→ Items from a data source:
################

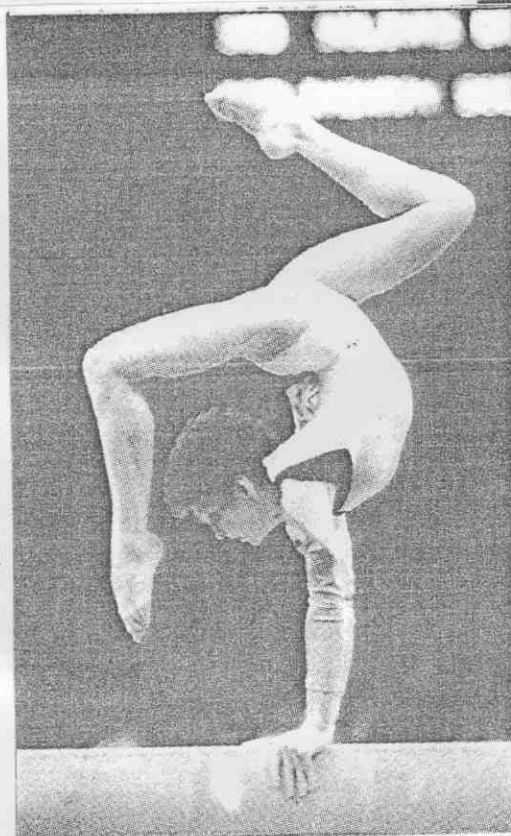
↑羅馬尼亞的瓦里西，在地板運動中，躍向（圖左）優美動作（圖上）中空，兩項均為她贏得金牌。
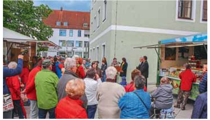
Zahlreiche Anwesende bei der feierlichen Eröffnung.
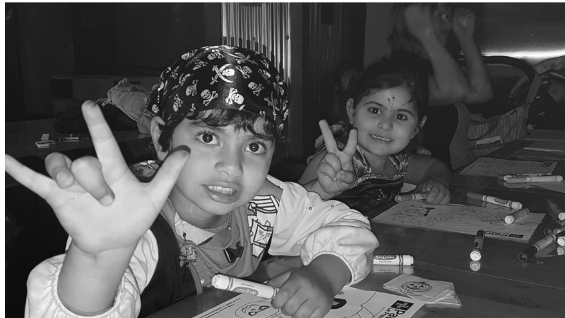
Activité de coloriage lors de la fête d'Halloween
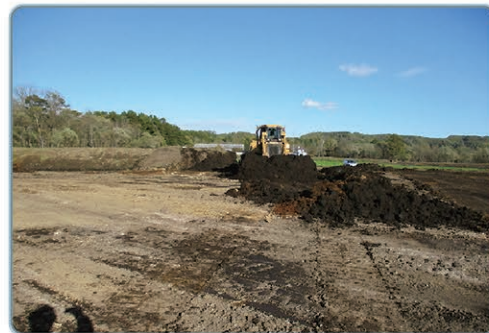
区画整理基盤整備状況(阿寒地区)
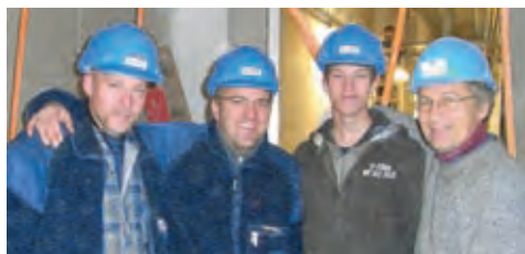
Stark im Team
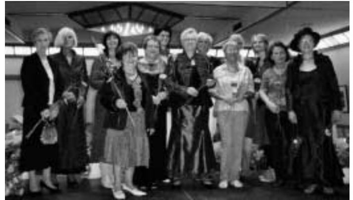
...mit Messen ▼
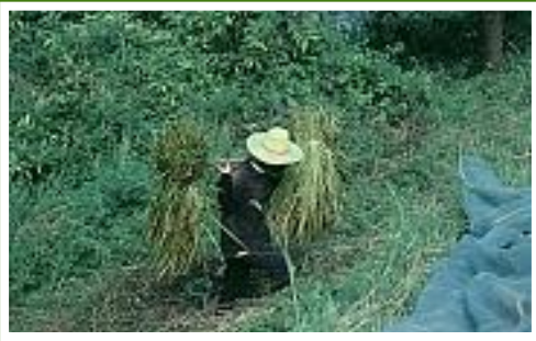
Reisbauer beim ernten
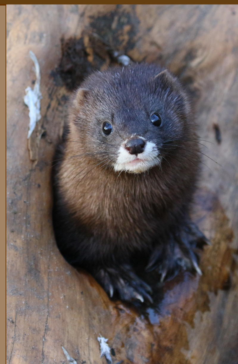
Ordre de carnivores Famille des mustélidés Taille 30à40cm Poids 500g à 1kg Faune française protégée, Annexe2 convention de Berne

Le vison d'Europe est un petit mustélidé, de la même famille que les putois, fouines, belettes et loutres. Comme eux, c'est un mammifère carnivore. Mesurant environ 30 à 40cm pour un poids de 600g à 1kg, il possède un pelage entièrement brun à l'exception d'une tâche blanche sous le museau.
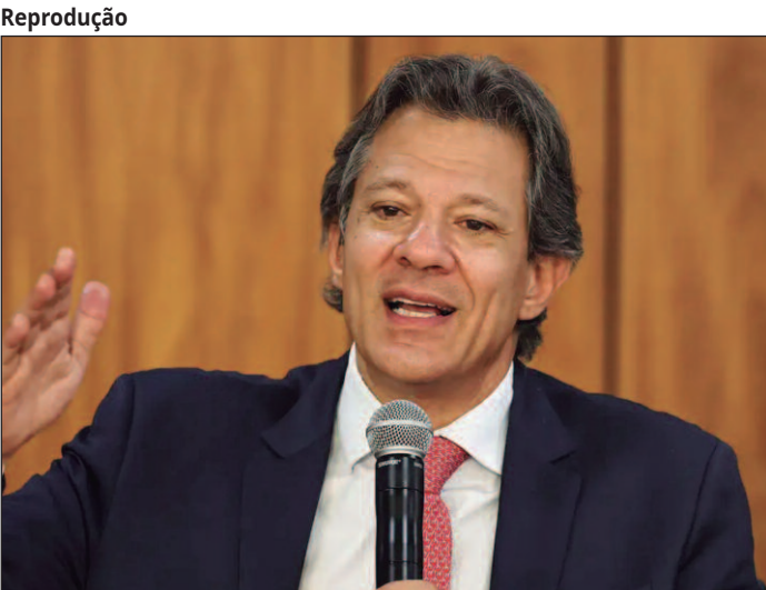
Pacote fiscal, que também foi anunciado, inclui limite para reajustes do salário mínimo e cortes de gastos
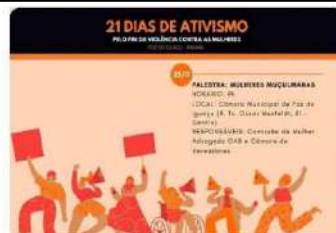
Evento do Legislativo será realizado nesta quinta-feira, 25/11, às 9h no plenário da Casa

A parlamentar ressaltou ainda que a educação de jovens e adultos é uma modalidade de ensino e componente constitutivo de educação básica e não mais um subsistema de ensino, com funções reparadora, equalizadora e qualificadora, obedecendo a princípios como equidade e proporção. O requerimento foi aprovado em plenário por unanimidade em única votação. (DC CMFI)
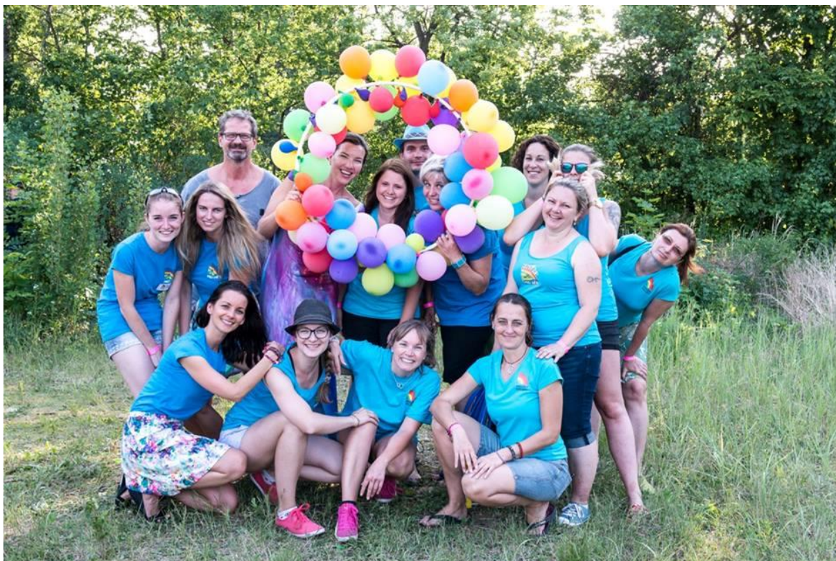
Obrázek 2- Interní zaměstnanci

V SVČ Kroužky pro děti pracovalo v uplynulém školním roce na plný úvazek 0,5 interních pedagogických pracovníků, dalších 9 externích pedagogických pracovníků pracovalo sice na Dohodu o provedení práce, v podstatě však v režimu interních pracovníků. Pravidelná činnost byla soustředěna do 75 zájmových útvarů, kde mimo interní pracovníky pracovalo na Dohodu o provedení práce 97 externích pracovníků. Počet útvarů i externích zaměstnanců v průběhu školního roku kolísal dle zájmu účastníků zájmového vzdělávání.
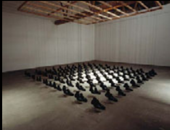
Missa, 1992 Bottes d'armée suspendues, grillage métallique, fils de nylon, 7 x 7 m Collection : Musée des beaux-arts de Montréal

faut y regarder de plus près puisque les œuvres cachent moult détails qui s'ajoutent à notre vue, par sédimentation, au fil de nos lectures. L'accumulation de ces éléments amplifie l'aspect infâme d'une situation évoquée.
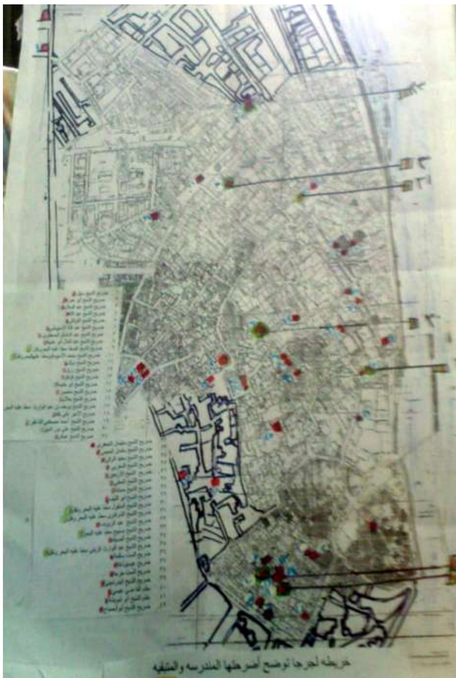
خريطة (٤) لجرجا توضح أضرحتها المندرسة والمتبقية

################

→ Your objective: Copy exactly, and copy nothing else: the lines from the start of the data above through the line that holds "Obrázek 2- Interní zaměstnanci". The pictures stay out.

→ Your response:
↑羅馬尼亞的瓦里西，在地板運動中，躍向（圖左）優美動作（圖上）中空，兩項均為她贏得金牌。
Zahlreiche Anwesende bei der feierlichen Eröffnung.
Activité de coloriage lors de la fête d'Halloween
区画整理基盤整備状況(阿寒地区)
Stark im Team
...mit Messen ▼
Reisbauer beim ernten
Ordre de carnivores Famille des mustélidés Taille 30à40cm Poids 500g à 1kg Faune française protégée, Annexe2 convention de Berne

Le vison d'Europe est un petit mustélidé, de la même famille que les putois, fouines, belettes et loutres. Comme eux, c'est un mammifère carnivore. Mesurant environ 30 à 40cm pour un poids de 600g à 1kg, il possède un pelage entièrement brun à l'exception d'une tâche blanche sous le museau.
Pacote fiscal, que também foi anunciado, inclui limite para reajustes do salário mínimo e cortes de gastos
Evento do Legislativo será realizado nesta quinta-feira, 25/11, às 9h no plenário da Casa

A parlamentar ressaltou ainda que a educação de jovens e adultos é uma modalidade de ensino e componente constitutivo de educação básica e não mais um subsistema de ensino, com funções reparadora, equalizadora e qualificadora, obedecendo a princípios como equidade e proporção. O requerimento foi aprovado em plenário por unanimidade em única votação. (DC CMFI)
Obrázek 2- Interní zaměstnanci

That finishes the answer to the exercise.